RDC : le LGD de Matata Ponyo s’alarme et appelle à rejoindre le « Pacte pour la paix »
RDC : le LGD de Matata Ponyo s’alarme et appelle à rejoindre le « Pacte pour la paix »
AFP
Dans une déclaration rendue publique ce vendredi 13 juin, le parti Leadership et Gouvernance pour le Développement (LGD), accompagné de ses alliés, dresse un tableau « sombre » de la situation que traverse la République démocratique du Congo. Il appelle le pays à adhérer au « Pacte pour la paix », une initiative conjointe de la Conférence épiscopale nationale du Congo (CENCO) et de l’Église du Christ au Congo (ECC).
Pour le parti de Matata Ponyo, cette initiative portée par les autorités religieuses représente la « seule issue » à la crise multiforme qui secoue la RDC et la région des Grands Lacs.

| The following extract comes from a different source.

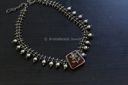 Kundan Inlay Silver Look Alike Fusion Necklace - Red
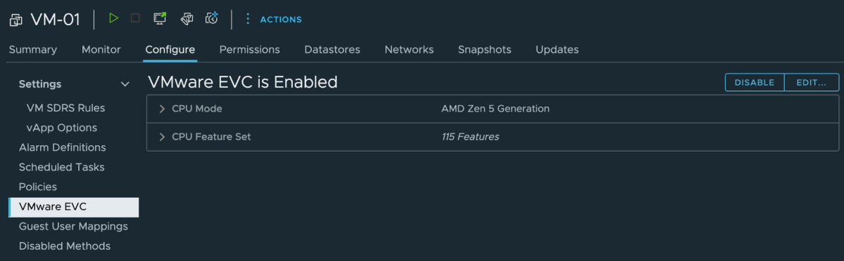 Quick Tip – Auditing configured Per-VM EVC (Enhanced vMotion Compatibility)

En revanche, il rejette la récente proposition de Martin Fayulu de créer un « camp pour la patrie », après sa rencontre avec le président Félix Tshisekedi.
Le LGD prend acte du ralliement de la plateforme Lamuka à l’Union sacrée de la nation (USN) et juge que la démarche de Martin Fayulu contribue à « préparer le lit de la balkanisation » du pays.
La formation politique de l’ancien Premier ministre s’en prend également au Vice-Premier ministre et ministre des Transports, Jean-Pierre Bemba, dont elle critique la récente sortie médiatique. Le LGD qualifie ses propos d’« inappropriés » et estime qu’ils menacent l’unité nationale en attisant les tensions à des fins purement politiques.
Autre sujet d’indignation : le détournement présumé de 7 millions de dollars au sein du Conseil supérieur de la magistrature, fonds destinés au paiement des salaires de nouveaux magistrats. Le LGD exige l’ouverture d’une enquête judiciaire pour faire toute la lumière sur cette affaire et sanctionner les responsables.
Le parti dénonce par ailleurs les démolitions arbitraires de maisons à Kinshasa, menées sans respect des procédures légales. Il s’inquiète aussi de la montée des braquages et cambriolages, révélatrice selon lui de la défaillance de l’autorité de l’État. À cela s’ajoutent des arrestations illégales d’officiers militaires, qu’il qualifie d’injustes et contraires à l’État de droit.
Enfin, le LGD rejette catégoriquement l’arrêt rendu le 20 mai dernier par la Cour constitutionnelle, qui a condamné Matata Ponyo à 10 ans de travaux forcés. Le parti qualifie cette décision d’« inique et arbitraire ».